Exercise — All pictures are to be omitted while the lines starting at the line with "- VIN: 3VWD67AJ0GM255834" and ending at the line with "Purchased this recently" in the material below are retyped exactly, both ends included.

Task input —
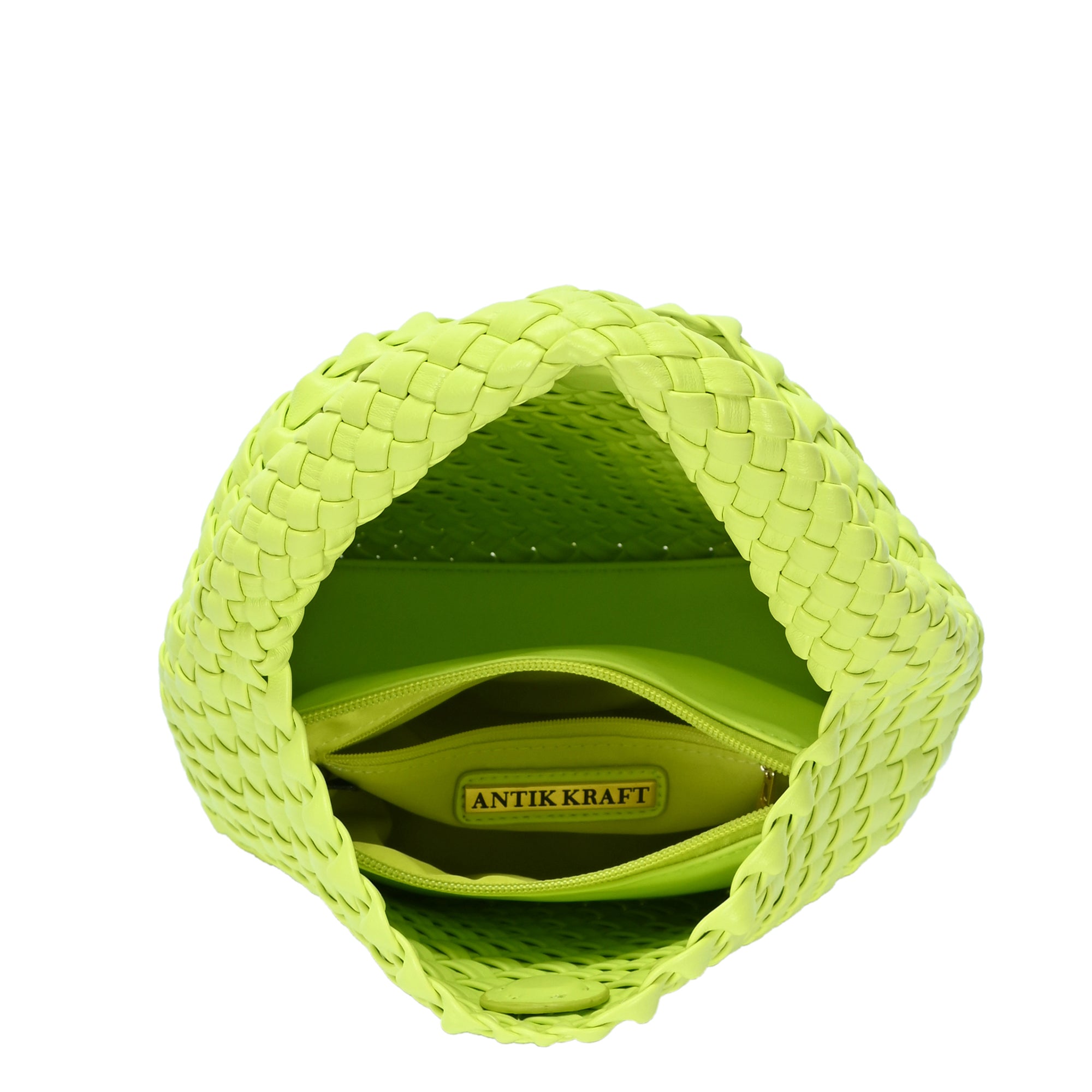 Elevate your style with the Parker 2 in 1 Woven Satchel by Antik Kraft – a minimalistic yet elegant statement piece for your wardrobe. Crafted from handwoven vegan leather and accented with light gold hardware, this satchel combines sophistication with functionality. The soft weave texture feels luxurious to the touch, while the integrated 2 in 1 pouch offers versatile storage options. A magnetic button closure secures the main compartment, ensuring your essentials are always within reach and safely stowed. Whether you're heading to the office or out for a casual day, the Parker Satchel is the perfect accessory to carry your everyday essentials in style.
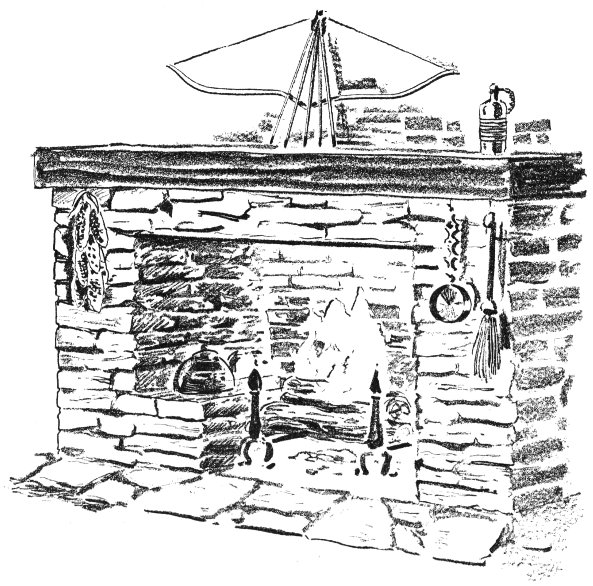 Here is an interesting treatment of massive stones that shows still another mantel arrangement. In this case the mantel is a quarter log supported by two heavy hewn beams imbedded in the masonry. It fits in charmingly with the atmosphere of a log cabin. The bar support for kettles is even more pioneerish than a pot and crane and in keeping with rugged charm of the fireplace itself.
--
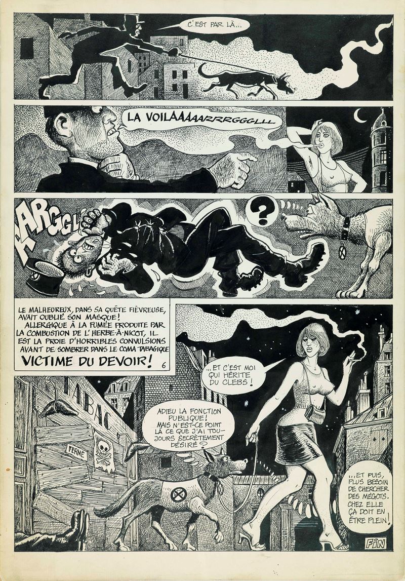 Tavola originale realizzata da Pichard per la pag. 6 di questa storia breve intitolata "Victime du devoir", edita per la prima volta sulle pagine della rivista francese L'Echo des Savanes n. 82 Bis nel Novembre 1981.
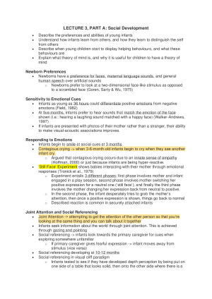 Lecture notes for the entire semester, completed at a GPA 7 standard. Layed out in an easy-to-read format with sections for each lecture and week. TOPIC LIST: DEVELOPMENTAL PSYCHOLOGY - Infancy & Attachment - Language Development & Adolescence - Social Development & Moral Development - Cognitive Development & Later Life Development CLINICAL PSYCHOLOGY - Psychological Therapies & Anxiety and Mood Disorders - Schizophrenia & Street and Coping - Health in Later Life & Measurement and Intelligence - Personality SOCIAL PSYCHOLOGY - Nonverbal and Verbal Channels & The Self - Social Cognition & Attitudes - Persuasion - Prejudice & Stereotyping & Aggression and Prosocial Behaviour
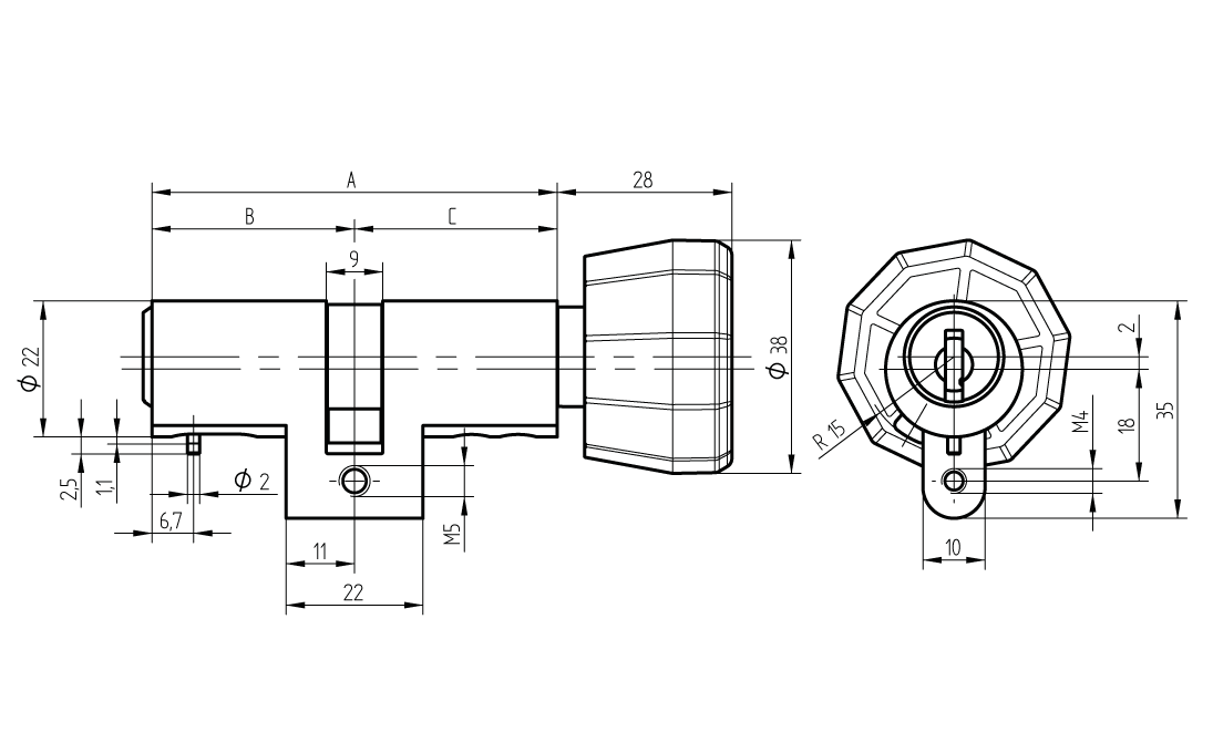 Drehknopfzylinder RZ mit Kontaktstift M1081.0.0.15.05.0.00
* * *
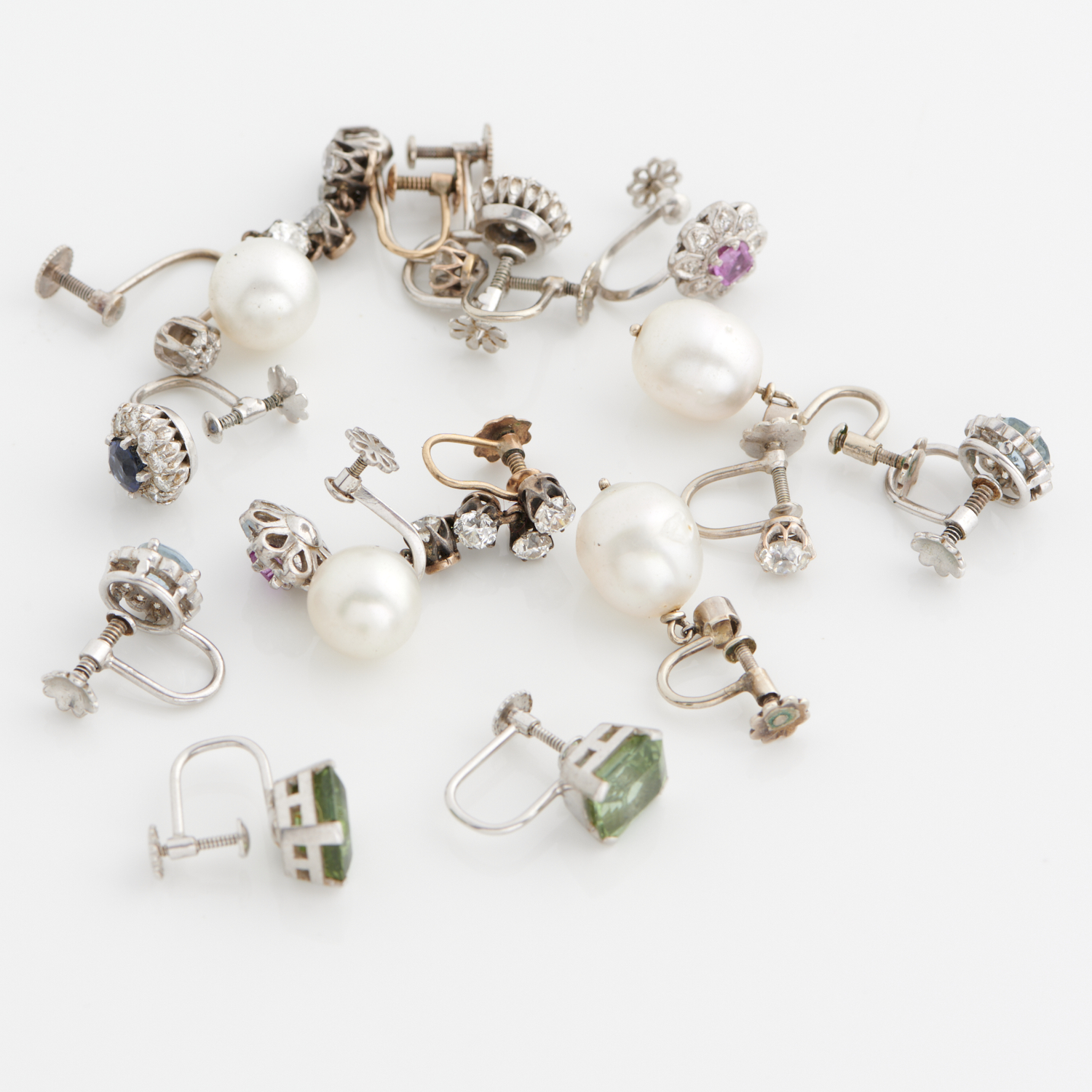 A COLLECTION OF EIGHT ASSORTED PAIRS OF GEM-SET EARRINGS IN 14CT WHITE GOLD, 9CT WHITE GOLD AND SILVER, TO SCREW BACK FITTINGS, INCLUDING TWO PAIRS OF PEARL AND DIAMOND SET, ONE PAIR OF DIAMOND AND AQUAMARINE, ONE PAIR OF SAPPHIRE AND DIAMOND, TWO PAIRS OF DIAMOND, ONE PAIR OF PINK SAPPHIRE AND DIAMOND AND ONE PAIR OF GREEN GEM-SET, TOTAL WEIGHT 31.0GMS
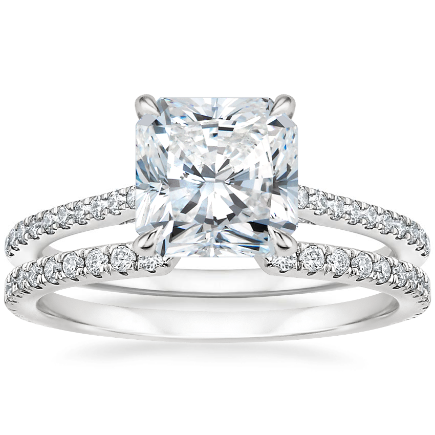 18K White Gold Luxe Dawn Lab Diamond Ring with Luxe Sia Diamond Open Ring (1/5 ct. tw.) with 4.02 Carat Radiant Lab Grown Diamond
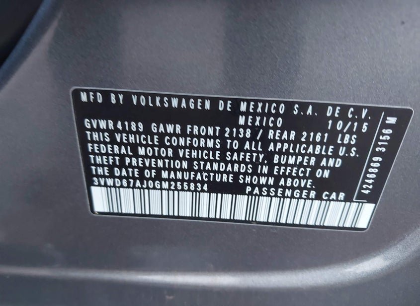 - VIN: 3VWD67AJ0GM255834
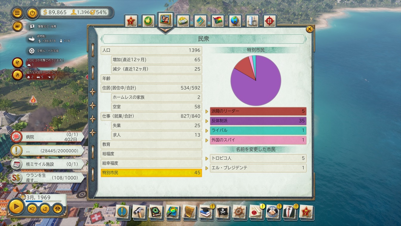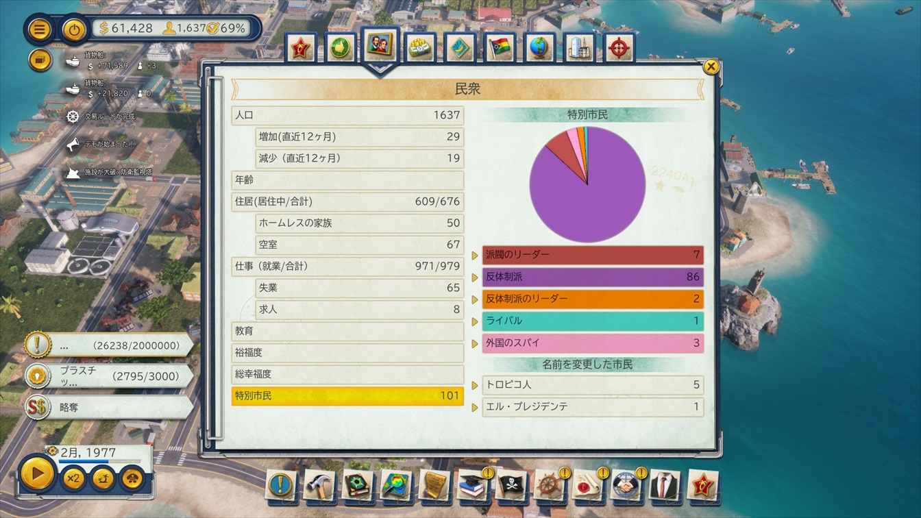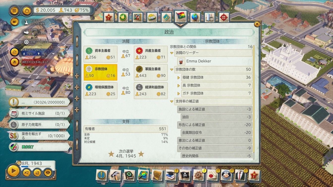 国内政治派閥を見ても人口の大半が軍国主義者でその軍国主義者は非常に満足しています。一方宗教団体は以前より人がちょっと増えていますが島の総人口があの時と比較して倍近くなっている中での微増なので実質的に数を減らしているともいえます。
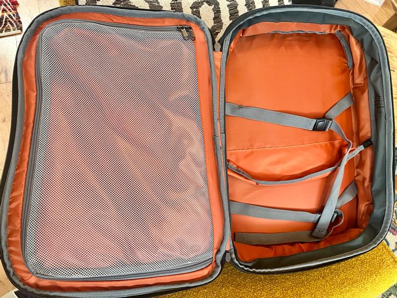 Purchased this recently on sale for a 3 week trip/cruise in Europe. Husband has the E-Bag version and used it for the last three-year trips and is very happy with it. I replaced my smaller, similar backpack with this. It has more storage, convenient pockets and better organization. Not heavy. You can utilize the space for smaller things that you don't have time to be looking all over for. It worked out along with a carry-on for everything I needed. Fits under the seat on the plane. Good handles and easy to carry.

Written solution —
 - VIN: 3VWD67AJ0GM255834
 国内政治派閥を見ても人口の大半が軍国主義者でその軍国主義者は非常に満足しています。一方宗教団体は以前より人がちょっと増えていますが島の総人口があの時と比較して倍近くなっている中での微増なので実質的に数を減らしているともいえます。
 Purchased this recently on sale for a 3 week trip/cruise in Europe. Husband has the E-Bag version and used it for the last three-year trips and is very happy with it. I replaced my smaller, similar backpack with this. It has more storage, convenient pockets and better organization. Not heavy. You can utilize the space for smaller things that you don't have time to be looking all over for. It worked out along with a carry-on for everything I needed. Fits under the seat on the plane. Good handles and easy to carry.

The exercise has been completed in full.